Children are brilliant storytellers. They tell tall tales, short tales and some spice them up and make word curry!

This year, Born Free partnered with Kenya Wildlife Service (KWS) to facilitate the annual essay competition. With the theme ‘The Future of Wildlife in the Modern World’, we targeted from primary to tertiary institutions in the Eastern Conservation Area that comprises Meru and Kora Parks, and Bisanadi and Mwingi National Reserves; and Mountain Conservation Area comprising Mt. Kenya, Aberdare, Mwea, Samburu, Shaba, Laikipia and Maralal National Parks and Reserves. More than 200 and 500 students participated in the Eastern and Mountain Conservation Areas respectively.

All winners received their prizes in March. The real champions, however, were not those who penned well researched essays in perfect grammar. There were those who drew us to their daily environment in their usual expressions and invited us into their everyday world with wild animals - the voice of the communities that interact with wildlife. These students challenged our marking scheme and forced us to rethink our expectations.

For example, while it is known that poaching is a major threat to wildlife conservation in Kenya, what we didn’t know was that these children believe poachers should be shot at point-blank range and buried in unmarked graves.  A harsh sentence indeed! Perhaps in our zeal and passion we may be tempted to agree with them. However, we are now challenged in setting the record straight that we have laws that humanely seek reform and equality in justice and the importance of addressing the real causes of poaching.

Some of these babes seem conflicted by what they are taught and their reality. The text books refer to wildlife as our national heritage, key for ecological balance and as a tourist attraction, which is all positive. But what about wildlife as crop raiders and pests, bearers of fear, permanent injuries and death? The loss of loved ones and livelihoods contradicts what they are taught in schools.

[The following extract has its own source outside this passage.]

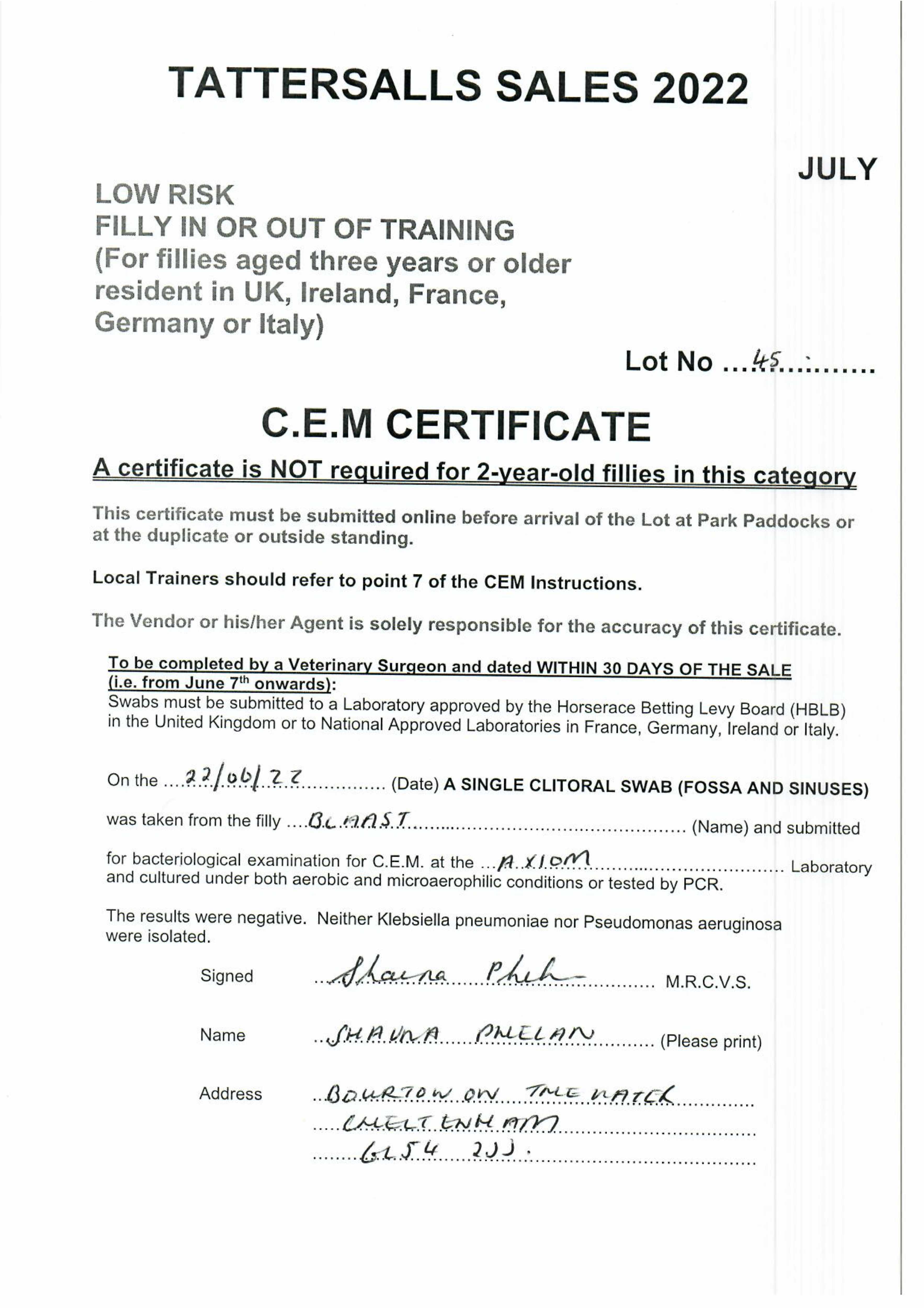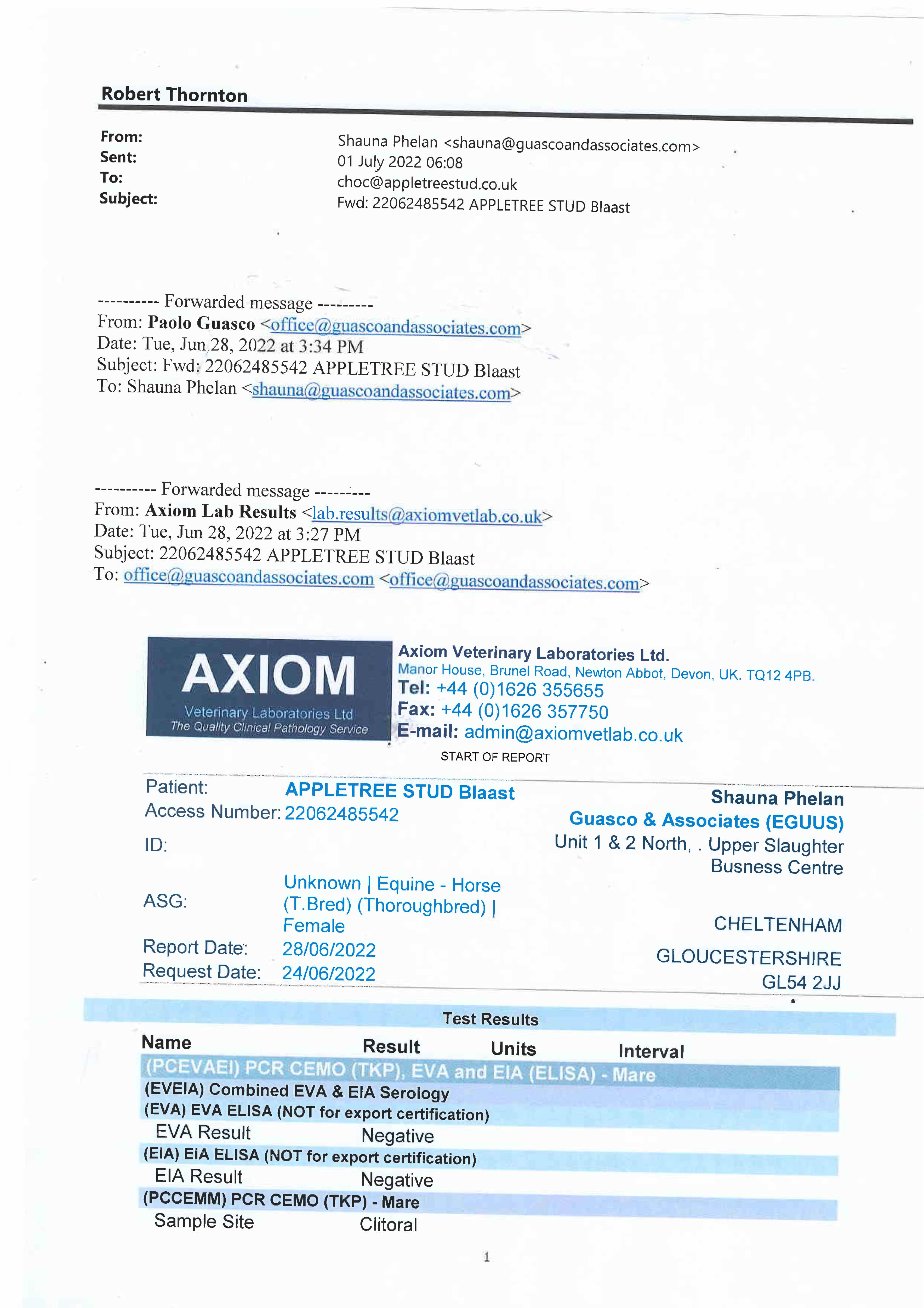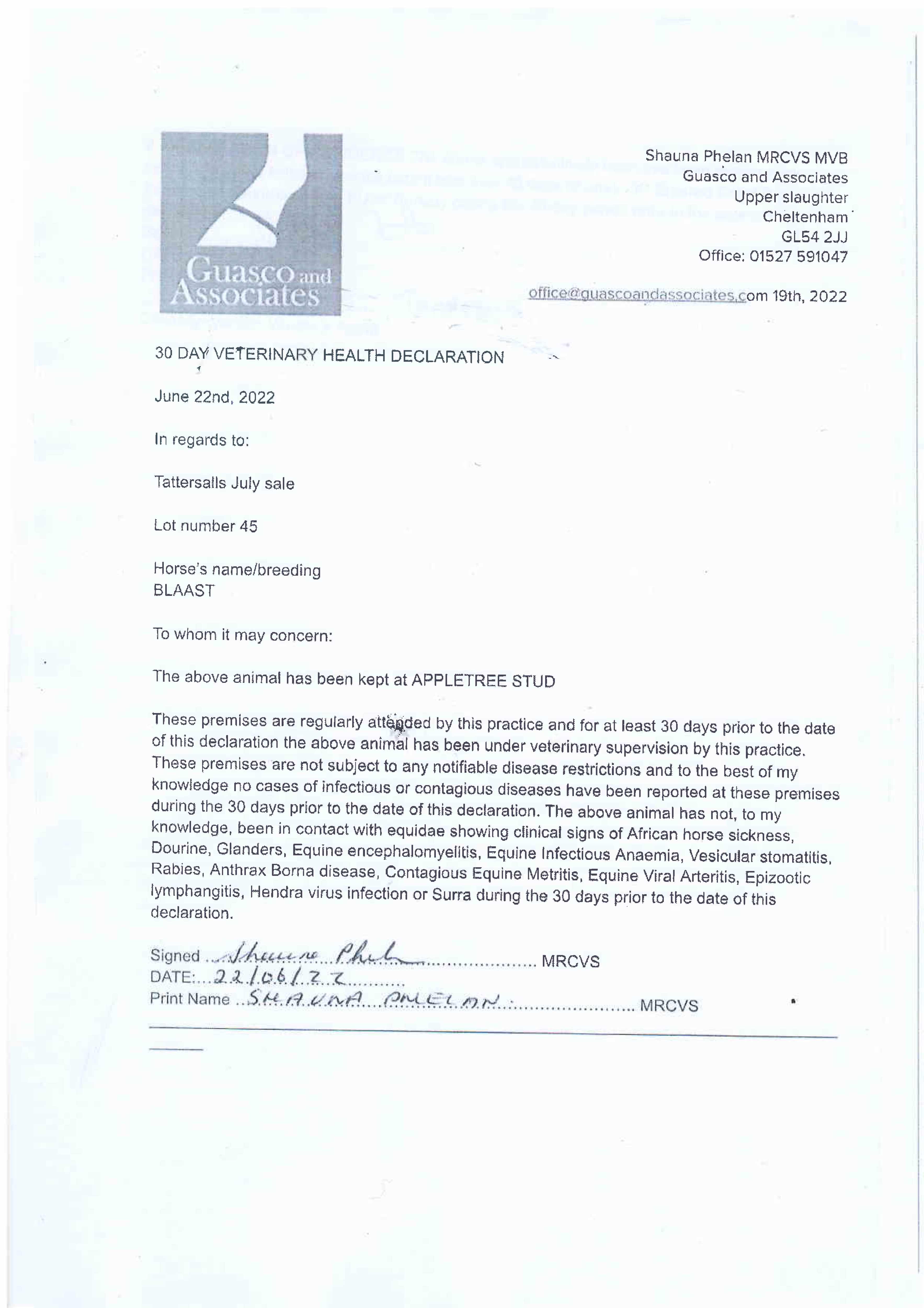 Contact: Robert Thornton ✆ 07825235822 ✉ choc@appletreestud.co.uk

Our conservation education and outreach programmes are therefore tasked to address this conflict. To persuade them that the advantages outweigh the disadvantages and that these should be evidence-based.  It is going to be a long listening and learning process!

Despite this challenge thrown to us, there are those students who discovered and named new species and genus and others who renamed some animals. For instance, a jaguar might have been seen in Isiolo County; the leopard can outrun a cheetah; and the “pudu” (meant to be kudu) is a type of antelope.

From this competition we gathered crucial information on what those who live side by side with wildlife really think. Maybe because they come from the marginally disadvantaged areas where wildlife also ranges. But one thing is clear: they are the ones we should nurture most.

All in all, conservation education and outreach needs to be realistic, localised and positive if there is going to be a future for wildlife in Kenya.